Collected data entries
- Opening Delimiter -

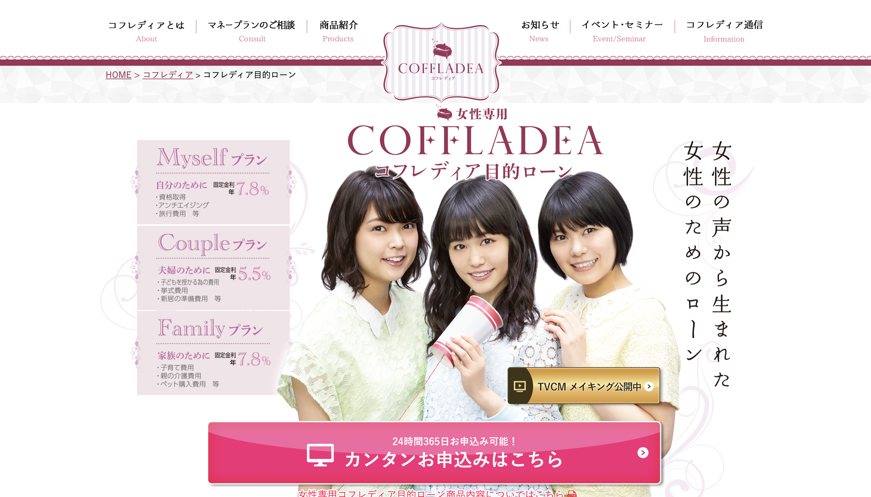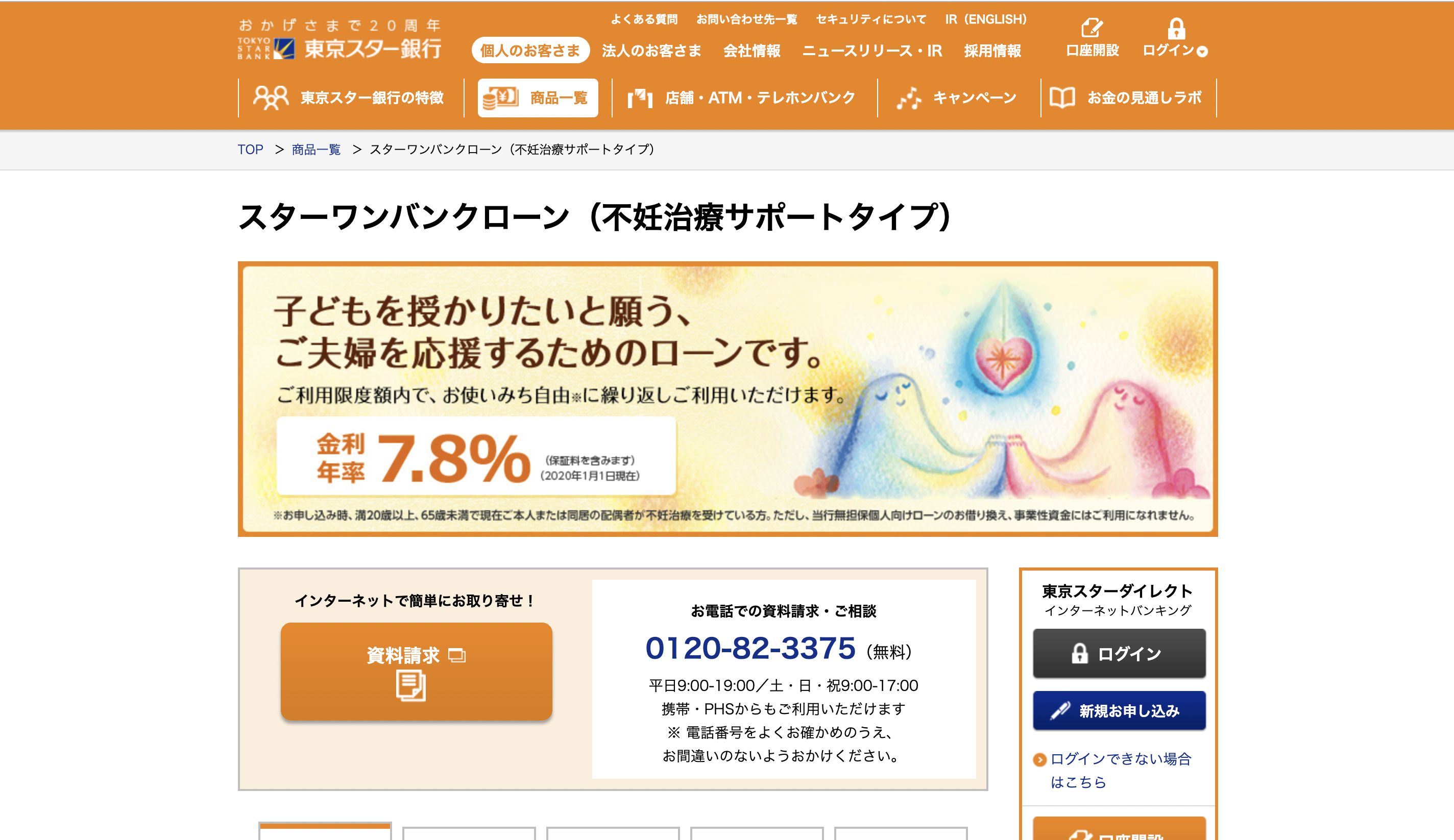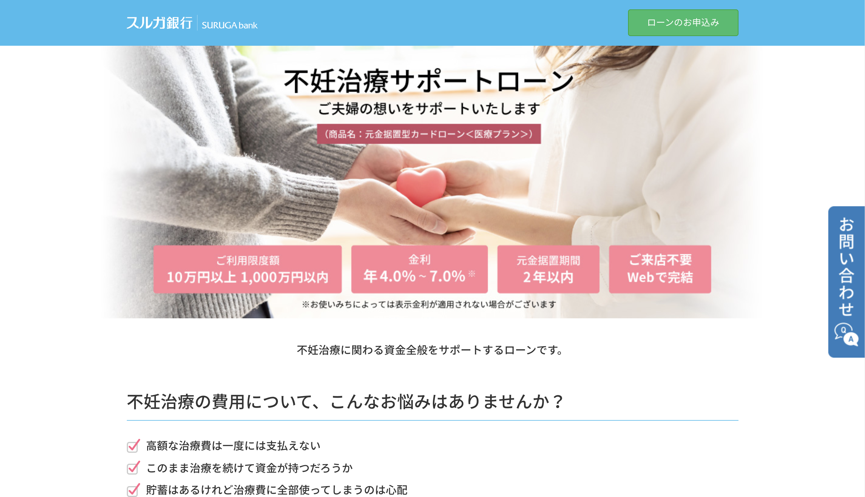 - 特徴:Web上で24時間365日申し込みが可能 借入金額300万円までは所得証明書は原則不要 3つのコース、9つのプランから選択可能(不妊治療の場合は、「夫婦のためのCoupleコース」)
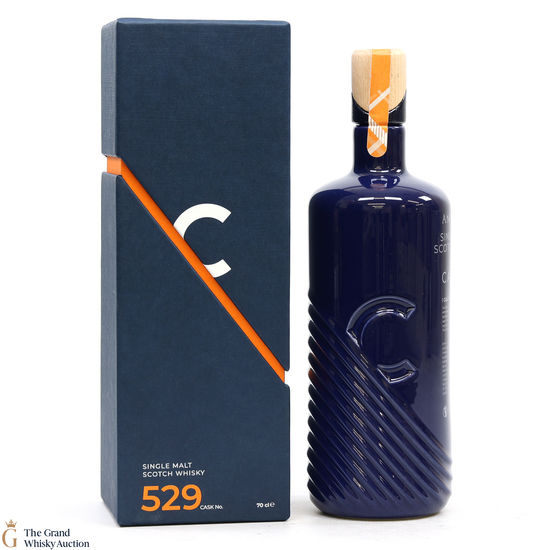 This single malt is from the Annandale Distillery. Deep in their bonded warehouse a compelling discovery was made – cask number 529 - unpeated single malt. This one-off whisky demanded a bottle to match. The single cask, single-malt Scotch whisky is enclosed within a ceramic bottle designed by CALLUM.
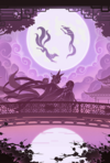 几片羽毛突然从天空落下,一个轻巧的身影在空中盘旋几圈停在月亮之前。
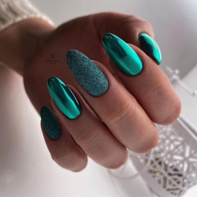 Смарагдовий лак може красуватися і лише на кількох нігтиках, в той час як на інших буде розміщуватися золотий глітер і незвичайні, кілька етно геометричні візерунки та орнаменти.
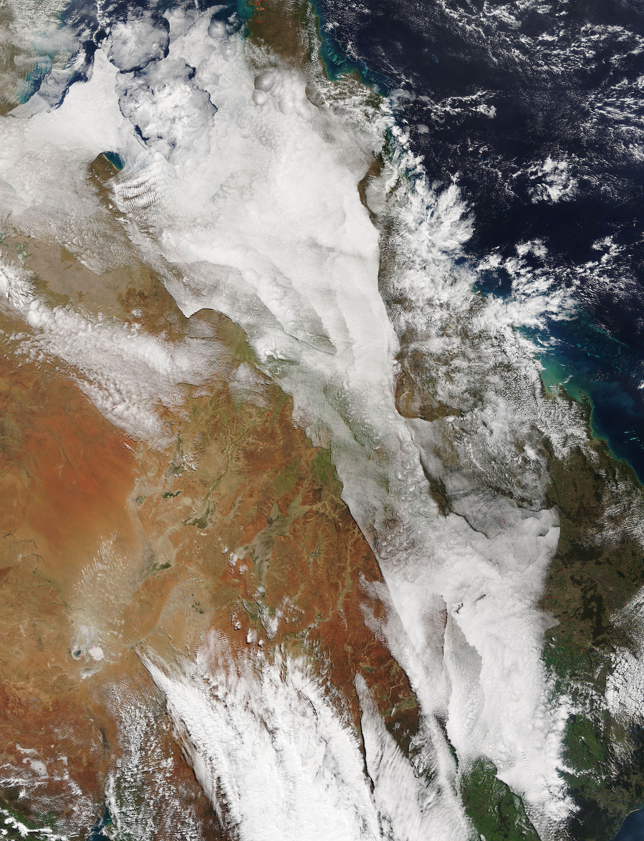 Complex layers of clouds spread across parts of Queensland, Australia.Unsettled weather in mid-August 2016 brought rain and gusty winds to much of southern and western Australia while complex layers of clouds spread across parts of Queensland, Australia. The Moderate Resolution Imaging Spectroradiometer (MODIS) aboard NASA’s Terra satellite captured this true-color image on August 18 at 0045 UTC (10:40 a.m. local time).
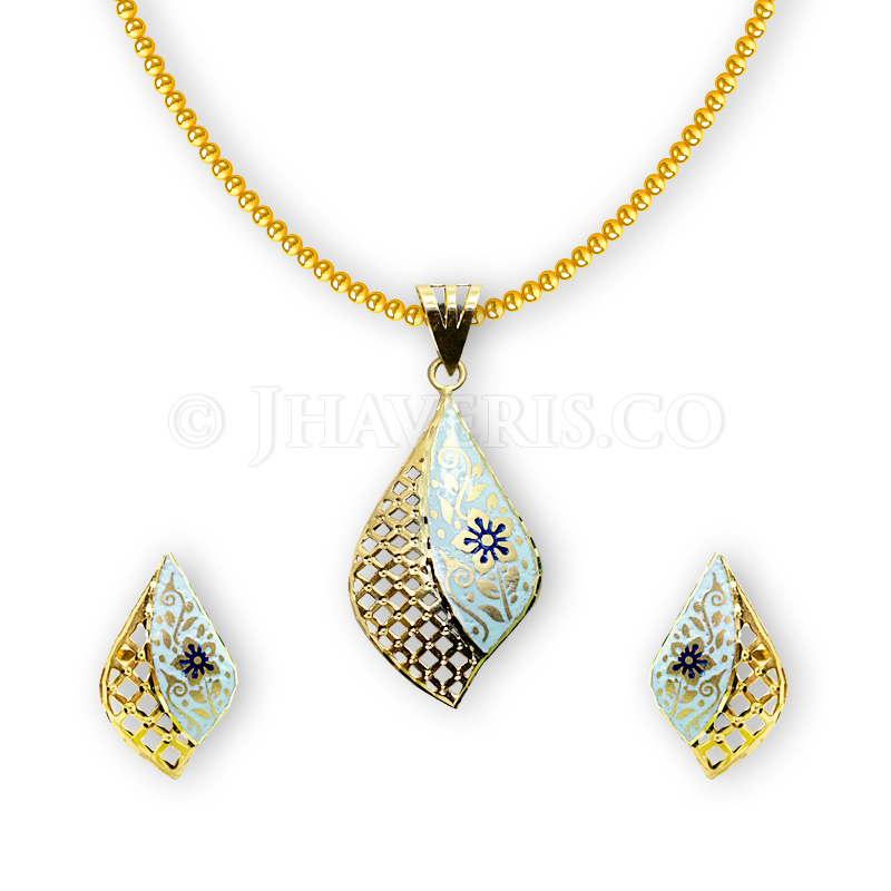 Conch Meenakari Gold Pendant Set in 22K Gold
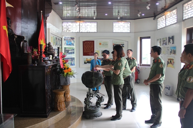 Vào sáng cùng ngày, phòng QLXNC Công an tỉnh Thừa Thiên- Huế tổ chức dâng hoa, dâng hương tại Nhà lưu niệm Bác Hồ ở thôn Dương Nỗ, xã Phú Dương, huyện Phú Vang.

- Closing Delimiter -

Reproduce each entry precisely. Leave the pictures out.

 - 特徴:Web上で24時間365日申し込みが可能 借入金額300万円までは所得証明書は原則不要 3つのコース、9つのプランから選択可能(不妊治療の場合は、「夫婦のためのCoupleコース」)
 This single malt is from the Annandale Distillery. Deep in their bonded warehouse a compelling discovery was made – cask number 529 - unpeated single malt. This one-off whisky demanded a bottle to match. The single cask, single-malt Scotch whisky is enclosed within a ceramic bottle designed by CALLUM.
 几片羽毛突然从天空落下,一个轻巧的身影在空中盘旋几圈停在月亮之前。
 Смарагдовий лак може красуватися і лише на кількох нігтиках, в той час як на інших буде розміщуватися золотий глітер і незвичайні, кілька етно геометричні візерунки та орнаменти.
 Complex layers of clouds spread across parts of Queensland, Australia.Unsettled weather in mid-August 2016 brought rain and gusty winds to much of southern and western Australia while complex layers of clouds spread across parts of Queensland, Australia. The Moderate Resolution Imaging Spectroradiometer (MODIS) aboard NASA’s Terra satellite captured this true-color image on August 18 at 0045 UTC (10:40 a.m. local time).
 Conch Meenakari Gold Pendant Set in 22K Gold
 Vào sáng cùng ngày, phòng QLXNC Công an tỉnh Thừa Thiên- Huế tổ chức dâng hoa, dâng hương tại Nhà lưu niệm Bác Hồ ở thôn Dương Nỗ, xã Phú Dương, huyện Phú Vang.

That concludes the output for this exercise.